How can we (better) reconstruct evolutionary history from present-day DNA sequences?
This is a very big and somewhat old question, with hundreds of scientists working on different aspects. The field which has developed is called phylogenetics. The general idea is that organisms with similar DNA sequences are usually more closely related than organisms which quite different DNA sequences. Making this formal and then running many computations on a computer leads to a tree diagram showing interelationships; this diagram is called a phylogenetic tree. My contributions to this big project are in two areas: phylogenetic mixtures and theoretical analysis of Bayesian methods.
Mixtures: It is well established from a theoretical perspective that if sequences evolve under a single (simple) model then a large amount of sequence data will reconstruct the tree correctly with high probability. However, it is now known that different parts of a sequence evolve in different ways; this is formulated statistically as a phylogenetic mixture model. In contrast to the single-process case, it is known that data from mixtures of processes does not uniquely determine a tree. Mike Steel and I recently realized that even more is true: it is possible to have a mixture of two processes on one tree such that the resulting data looks exactly like a single process on a different tree. I'm now interested in whether these sorts of issues really do pose a problem for phylogenetics researchers.
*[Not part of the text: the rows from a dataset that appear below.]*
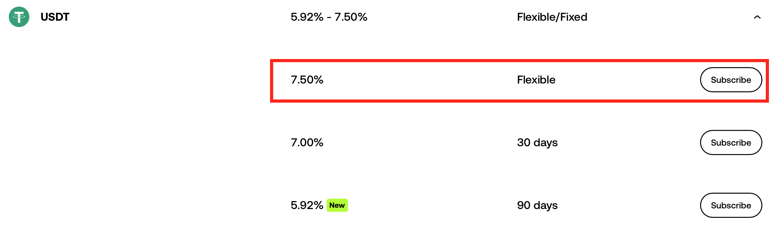 그러면 투자할 수있는 여러 종류의 가상자산들이 보이는데 저는 USDT를 선택하겠습니다. 현재 실시간 연이율이 7.5%입니다. 오른쪽 끝 Subscribe 눌러주시면 됩니다.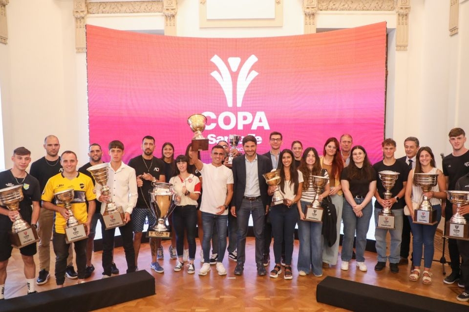 El gobernador Maximiliano Pullaro encabezó este viernes el balance de la Copa Santa Fe, iniciativa del Gobierno de la Provincia que en su edición 2024 convocó a más de 8.500 deportistas santafesinos que compitieron en 7 disciplinas (fútbol, voley, hockey, rugby, handball, maratón y triatlón), tanto femeninas como masculinas, generando instancias de participación de más de 150 instituciones de más de 50 localidades, creando lazos e inclusión social.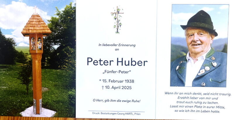 Schützenmeister Markus Krieg dankte in seiner Traueransprache in der Kirche für 70jährige Mitgliedschaft bei der Schützengesellschaft Staudach-Egerndach und zitierte eine Anekdote vom „Fünfer Peter“: „Als anfangs noch in der Mauth geschossen wurde, da hatte jeder Schütze drei Schuss über den Köpfen der Anderen – da hat keiner Aufstehen dürfen!°“. Peter Huber war in der Staudacher Schützengesellschaft Sportwart von 1980 bis 1984, Zweiter Schützenmeister von 1984 bis 1994, Erster Fähnrich von 1994 bis 1997, Ausschuss-Mitglied von 1994 bis 2000, Zweiter Jugendleiter von 2000 bis 2007 und seit 2004 war er Ehrenmitglied. Zu Ehren des Verstorbenen gaben auf dem Friedhof die Böllerschützen des Schützenvereins einen Ehrensalut. Peter Huber war nicht nur ein treffsicherer Schütze, sondern auch ein Trachtler mit viel Herzblut. Daran erinnerte in seinem Nachruf Staudachs Trachtenvorstand Andreas Mader mit den Worten: „Mit 16 Jahren trat der Peter dem Verein bei und von 1958 bis 1995, also über 35 Jahre war er unser Jugendleiter. Generationen von Staudachern haben von ihm Platteln, Tanzen und Drahn gelernt. Zudem war er von 1961 bis 1966 Vorplattler und von 1966 bis 1983 Zweiter Vorstand“. Der „Fünfer Peter“ war auch Gründungsmitglied der Gaugruppe beim Chiemgau-Alpenverband, er gehörte dieser auch bis 1967 an. Die Trachtensache war ihm ein Leben lang ein Anliegen, oftmals als Holzknecht auf dem Festwagen oder zuletzt auf dem Leutwagen. Für seine trachtlerischen Verdienste wurde er vom Staudacher Trachtenverein zum Ehrenmitglied ernannt, ihm wurden vom Chiemgau-Alpenverband das Goldene Verdienstzeichen sowie ein weiteres Verdienstzeichen von der Bayerischen Trachtenjugend verliehen. Die volksmusikalisch geprägte Trauerfeier in der Kirche gestalteten der Brander Zwoagesang und Peter Holzner auf der Ziach.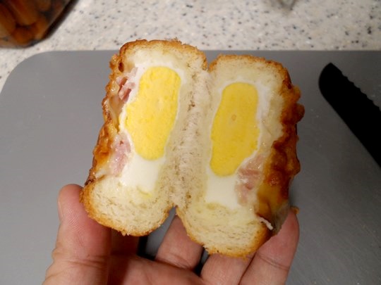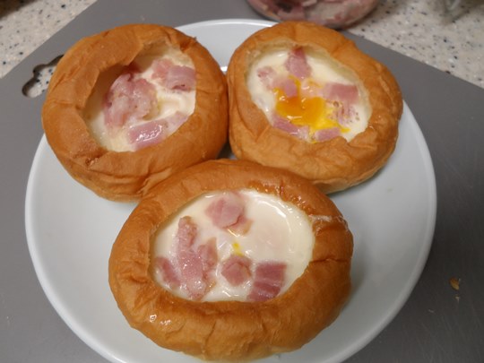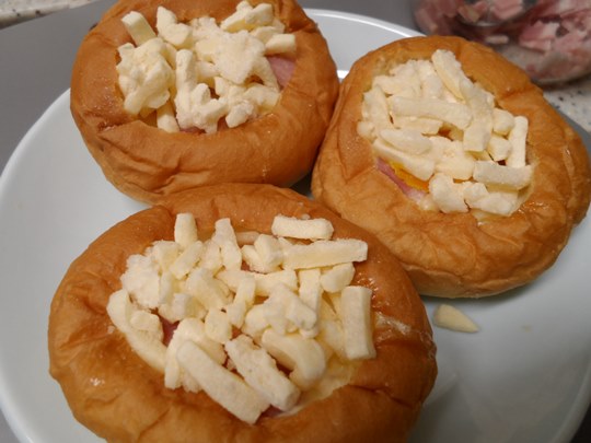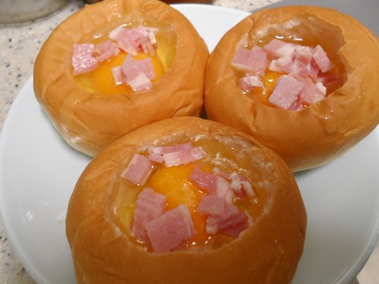 파낸 모닝롤에 날계란을 하나씩 넣어주는데요.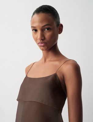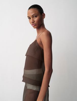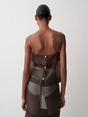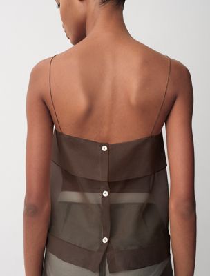 Ein durchsichtiges Tank-Top aus 100% Seidenorganza mit einem schlichten, matten Finish. Dieses Kleidungsstück hat eine doppellagige Brustpartie und Knöpfe am Rücken.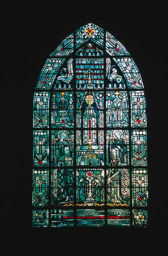 19980205395XA - verrière figurée décorative : Monique Carlin soignant les victimes du typhus et les visitant dans l'église de Jeantes (baie 4)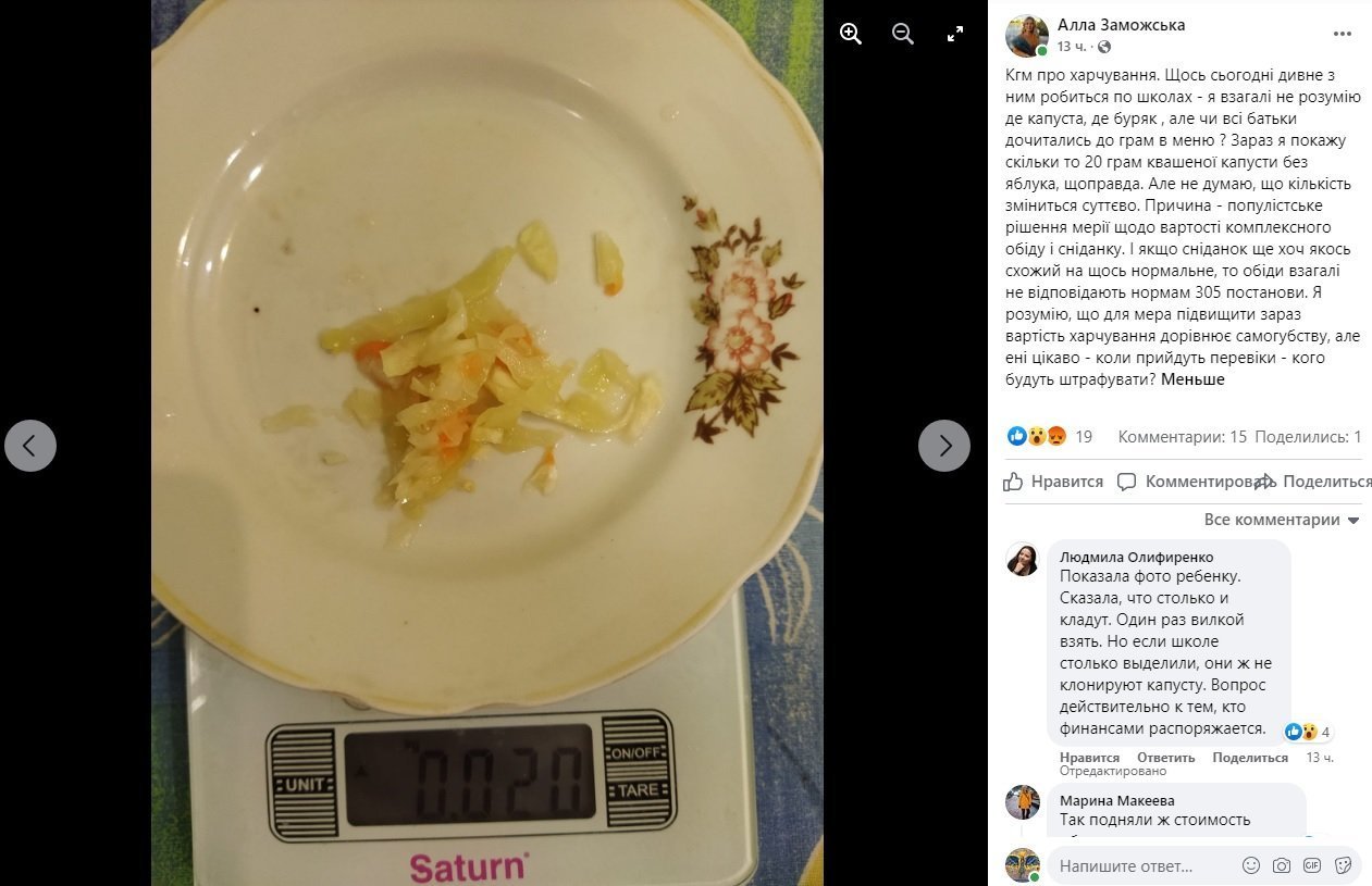 У соціальних мережах та батьківських чатах з’являються пости про те, що їжа зовсім не смакує учням. І дійсно, те, що бачимо на фотографіях, мало схоже на меню від Клопотенка.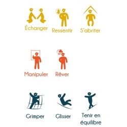 de pas de berger, d'1 panneau d'escalade vertical avec prises de grimpe et un panneau de manipulation.

Recent work with Mossel and Steel partially addresses this question through a combination of geometric and combinatorial means.
Bayesian: There are many different ways of building phylogenetic trees, and one class of such methods are called Bayesian methods. One advantage of these methods is that they can give posterior probabilities, which are (more or less) an estimate of how correct certain parts of the tree are. However, it can happen that even if there is no actual evidence determining how a certain set of species evolved, the methods can choose one scenario and attach a very high posterior probability to the story. This problem is called the “star tree paradox,” and Mike Steel and I recently showed analytically that it can persist even when the methods are given arbitrarily long DNA sequences.
How do organisms diversify?
This is an even older question, with a correspondingly bigger literature. My focus is on only one approach, which is based on looking at "shape" or overall structure of tree phylogenetic trees. A quick review of a couple virus trees show that different evolutionary scenarios can lead to different tree shapes.
In order to use tree shape in a scientific fashion, we need ways of quantifying it. So far I have written about tree shape in three ways: geometric, algebraic/combinatorial, and recursive. The recursive (optimization) approach has been the most productive for applications to data. I am currently applying this framework with Katherine St. John to search for evidence of tree reconstruction bias in modern tree reconstruction algorithms. I am also collaborating with Alexei Drummond applying these techniques to test for coalescent model mis-specification.
Other projects
In the past, John Wakeley and I investigated a class of models between the lattice model and the island model, and were able to show that these models converged back to the island model when the number of subpopulations goes to infinity. For this project I applied some nice theory about random walks on graphs.
I have also worked on the evolution of language with Martin Nowak. Rather than approach learning theory from the classical angle of an idealized teacher-learner pair, we investigated a model where the agents try to find a common language. We found some remarkably simple individual strategies which led to the population finding a common language with high probability given some constraints on the underlying space of languages.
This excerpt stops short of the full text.